*TASK INSTRUCTIONS:*
Although the records contain pictures, none belong in the copy: restate word for word only the lines from the one with "Elegantný džbán s" through the one with "玄武区坚持执行落实中央八项规", both included.

*RECORDS SUPPLIED:*

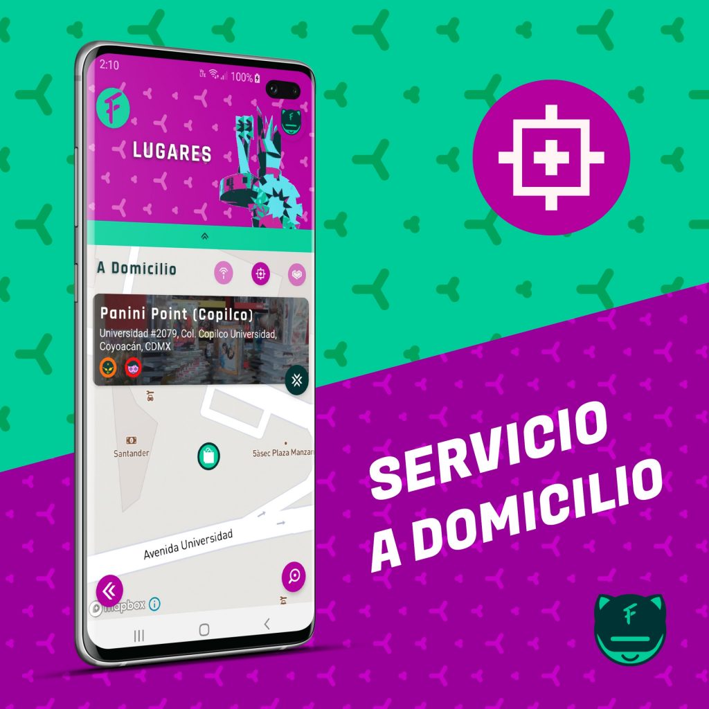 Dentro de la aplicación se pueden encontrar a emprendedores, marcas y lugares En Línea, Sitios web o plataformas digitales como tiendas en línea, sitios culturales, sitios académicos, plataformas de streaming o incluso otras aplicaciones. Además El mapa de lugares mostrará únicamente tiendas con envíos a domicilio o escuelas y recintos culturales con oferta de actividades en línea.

---

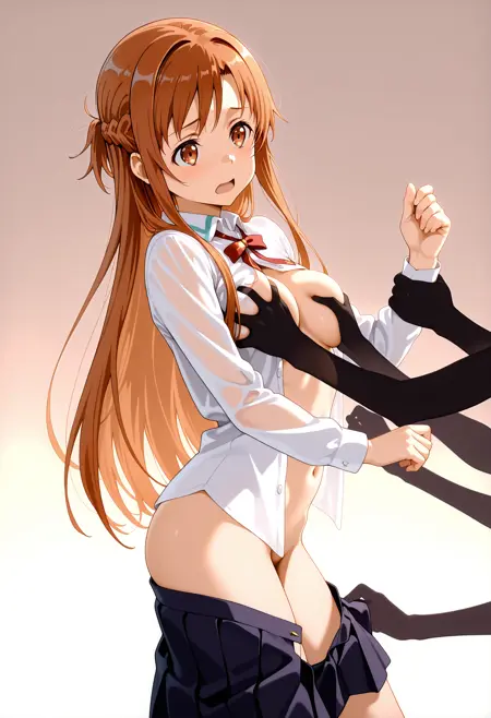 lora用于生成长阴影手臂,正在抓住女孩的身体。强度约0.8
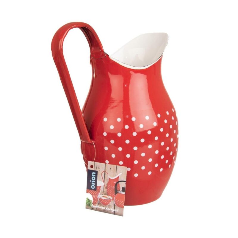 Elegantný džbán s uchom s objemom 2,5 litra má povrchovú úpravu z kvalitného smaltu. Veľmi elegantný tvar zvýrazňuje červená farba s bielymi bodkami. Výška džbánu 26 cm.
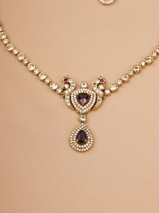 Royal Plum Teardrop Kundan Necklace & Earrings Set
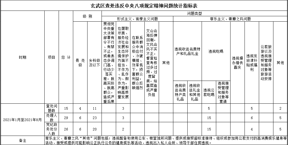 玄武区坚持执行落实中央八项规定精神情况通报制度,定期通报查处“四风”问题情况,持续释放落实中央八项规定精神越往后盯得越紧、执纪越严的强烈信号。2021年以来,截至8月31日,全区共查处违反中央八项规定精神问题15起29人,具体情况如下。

==

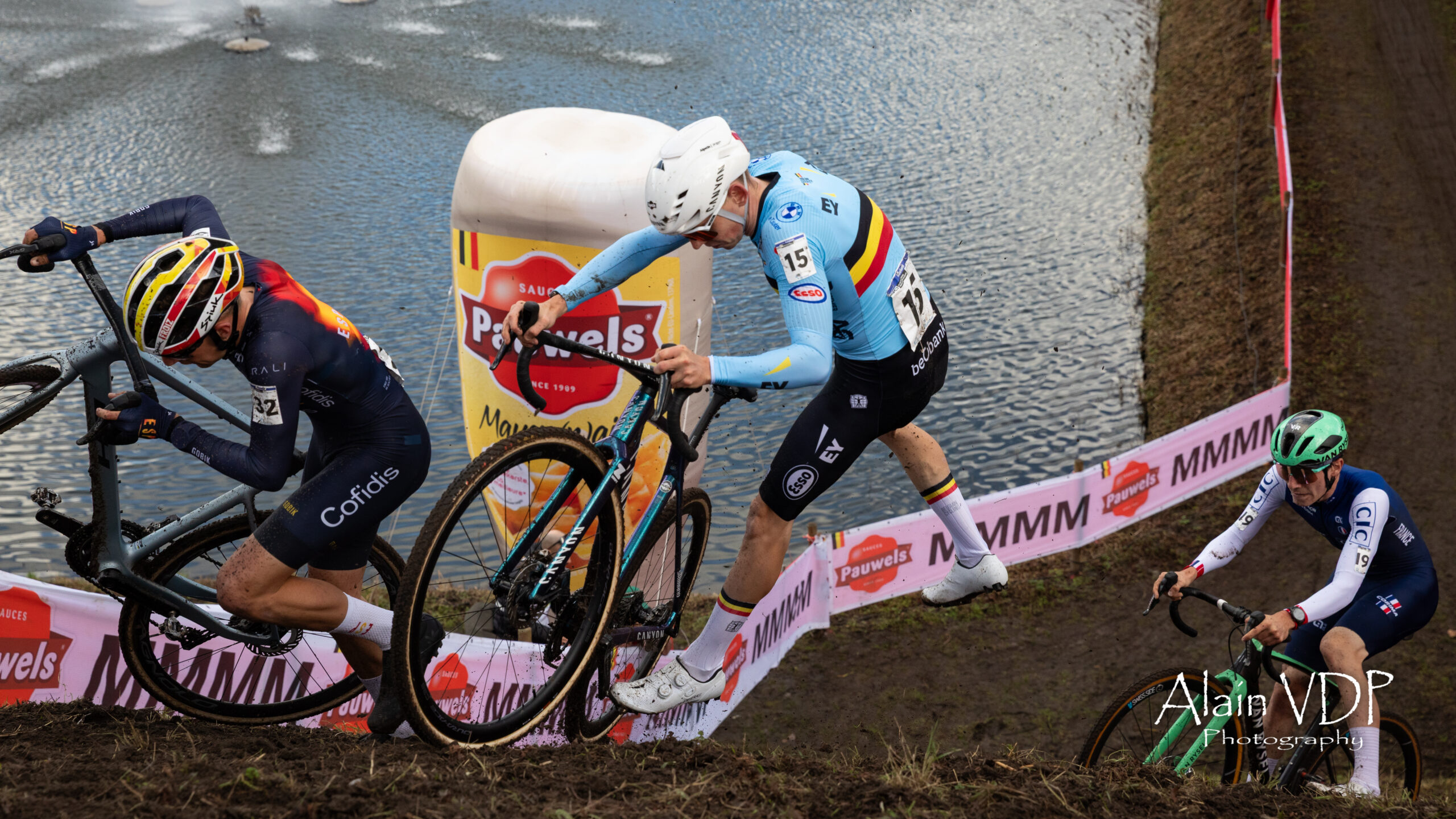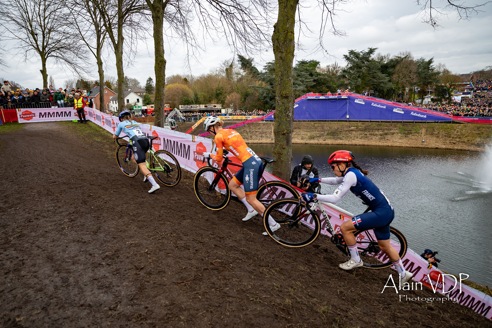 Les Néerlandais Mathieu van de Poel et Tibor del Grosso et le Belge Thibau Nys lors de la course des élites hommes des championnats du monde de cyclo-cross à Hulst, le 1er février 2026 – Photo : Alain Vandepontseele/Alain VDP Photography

*ANSWER FOR THE TASK:*
 Elegantný džbán s uchom s objemom 2,5 litra má povrchovú úpravu z kvalitného smaltu. Veľmi elegantný tvar zvýrazňuje červená farba s bielymi bodkami. Výška džbánu 26 cm.
 Royal Plum Teardrop Kundan Necklace & Earrings Set
 玄武区坚持执行落实中央八项规定精神情况通报制度,定期通报查处“四风”问题情况,持续释放落实中央八项规定精神越往后盯得越紧、执纪越严的强烈信号。2021年以来,截至8月31日,全区共查处违反中央八项规定精神问题15起29人,具体情况如下。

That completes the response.